We bundle the system with a version of the ROUGE scorer that will be called during execution. rouge-gillick.sh hardcodes command-line arguments used in this work and in Hirao et al. (2013)'s work. The system expects this in the rouge/ROUGE/ directory under the execution directory, along with the appropriate data files (which we've also bundled with this release).
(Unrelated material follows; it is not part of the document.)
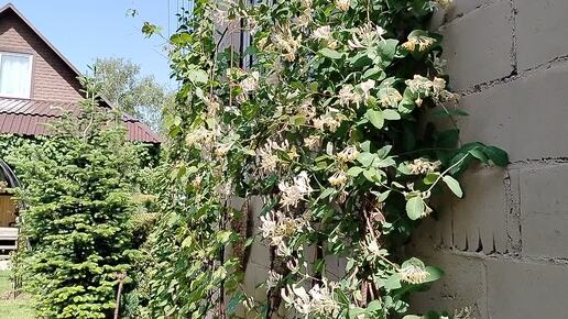 Жимолость Каприфоль (Lonícera caprifólium) на стене гаража. Наш сад 2025
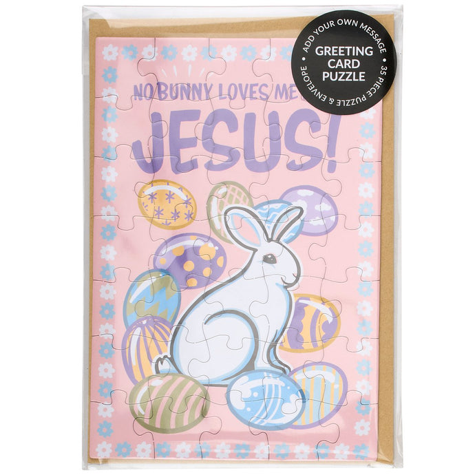 A greeting card puzzle from our Easter & Spring Collection combining the excitement of receiving a greeting card with the joy of completing a puzzle. This Easter puzzle card includes a blank space on the back to write a personal message, or express creativity in any way, before breaking up the puzzle for someone special to piece together the fun inside! We get them started with a colorful Easter inspired design on the front featuring playful hand illustrations of a white bunny and Easter eggs under a fun faith inspired sentiment that reads "No Bunny Love Me Like Jesus!" After personalizing the back, break up the 35 piece puzzle and place the pieces in the included kraft envelope. Our No Bunny Loves Me Like Jesus puzzle card and envelope is packaged in a polybag with an insert displaying easy-to-follow instructions. Due to the shape and weight, extra postage is required when mailing puzzle cards. A joyful greeting card that offers a fun alternative for Easter baskets and seasonal gifting.

See edu.berkeley.nlp.summ.RougeComputer.evaluateRougeNonTok for a method you can use to evaluate ROUGE in a manner consistent with our evaluation.

Training the system

To train the full system, run:

java -Xmx80g -cp <jarpath> -Djava.library.path=<library path>:/usr/local/lib/jni edu.berkeley.nlp.summ.Main \
  -trainDocsPath <path_to_train_conll_docs> -trainAbstractsPath <path_to_train_summaries> \
  -evalDocsPath <path_to_eval_conll_docs> -evalAbstractsPath <path_to_eval_summaries> -abstractsAreConll \
  -modelPath "models/trained-model.ser.gz" -corefModelPath "models/coref-onto.ser.gz" \
  -printSummaries -printSummariesForTurk \

where <jarpath>, <library path>, and the data paths are instantiated accordingly. The system requires a lot of memory due to caching 25,000 training documents with annotations.

To train the sentence extractive version of the system, add:

-doPronounReplacement false -useFragilePronouns false -noRst

To train the extractive-compressive version, add:

-doPronounReplacement false -useFragilePronouns false

The results you get using this command should be:

  • extractive: ROUGE-1 recall: 38.6 / ROUGE-2 recall: 23.3
  • extractive-compressive: ROUGE-1 recall: 42.2 / ROUGE-2 recall: 26.1
  • full: ROUGE-1 recall: 41.9 / ROUGE-2 recall: 25.7

(Results are slightly different from those in the paper due to minor changes for this release.)